Research

Clustering Strategies For XAI with Correlated, High-Dimensional Geoscience AI Models

With the rapid deployment of high-resolution sensors and models, geospatial data is captured and generated at an extremely high rate. By automatically extracting information from large data volumes, machine learning is increasingly used to turn massive geospatial data into geoscience insights. There is widespread use of high-dimensional raster data from which complex machine learning algorithms learn to recognize spatial and spatial-temporal patterns. These models may be used for critical decision-making or as a way to aid scientific discovery. Complex models are able to learn high non-linear relationships to achieve high performance, but there is a concern that their complexity makes it very difficult for users to determine how the model reached its decision. This has motivated the widespread adoption of explainable artificial intelligence (XAI) techniques that probe the model in various ways to explain how it works.

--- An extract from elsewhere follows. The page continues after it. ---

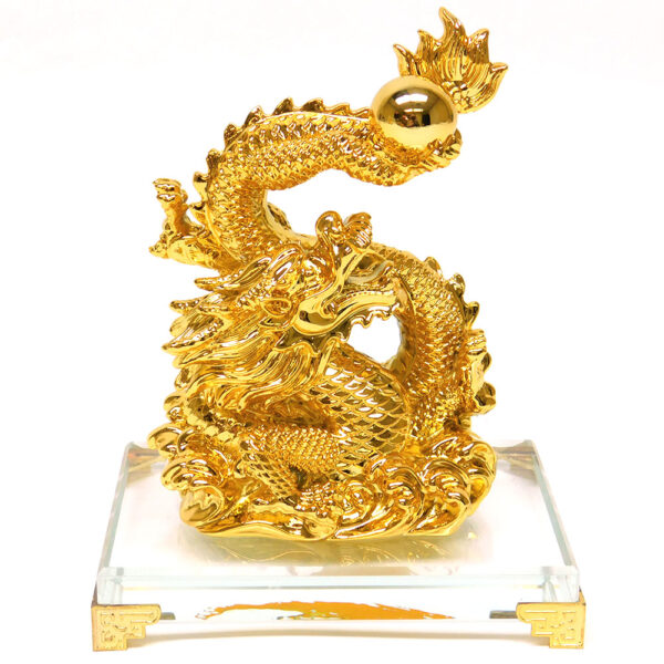 Description: 6″ X 3.5″ X 4.75″ GOLD DRAGON ON CRYSTAL BASE

XAI methods are highly sensitive to correlations among input predictors. Proposed mitigations involve grouping correlated predictors and applying XAI to groups instead of individuals. However, there are major challenges to grouping the grid cells of geoscience rasters based on their correlation. These datasets are commonly high-dimensional with substantial autocorrelation. Conventional techniques for grouping correlated tabular features are rarely applicable.

The purpose of this research is to develop strategies for using data-driven clustering techniques to group raster data to improve the accuracy of XAI results. First, we describe the limitations of current approaches and identify XAI challenges related to raster-based geoscience models. We then develop a set of benchmarks so that we can quantitatively assess XAI methods in a variety of complex scenarios. Finally, we propose and evaluate methodologies for applying clustering and XAI techniques. These include a hierarchical clustering approach to automatically investigate multiple scales of patterns in high-dimensional data.

Publications

(2022) Importance of 3D convolution and physics on a deep learning coastal fog model
Kamangir, H., Krell, E., Collins, W., King, S. A., & Tissot, P.
Environmental Modelling & Software, 154, 105424.

Presentations

American Meteorological Society (AMS) 2023 Annual Meeting
The Influence of Grouping Spatio-Temporal Features on Explainable Artificial Intelligence (XAI): A Case Study with FogNet, a 3D CNN for Coastal Fog Prediction.
Krell, E. A., Kamangir, H., Collins, W. G., King, S. A., & Tissot, P. E.
Slides

Poster for TAMUCC's 2022 Spring Student Research Symposium
The influence of grouping features on explainable artificial intelligence for a complex fog prediction deep learning model
Krell, E., Kamangir, H., Friesand, J., Judge, J., Collins, W., King, S. A., & Tissot, P.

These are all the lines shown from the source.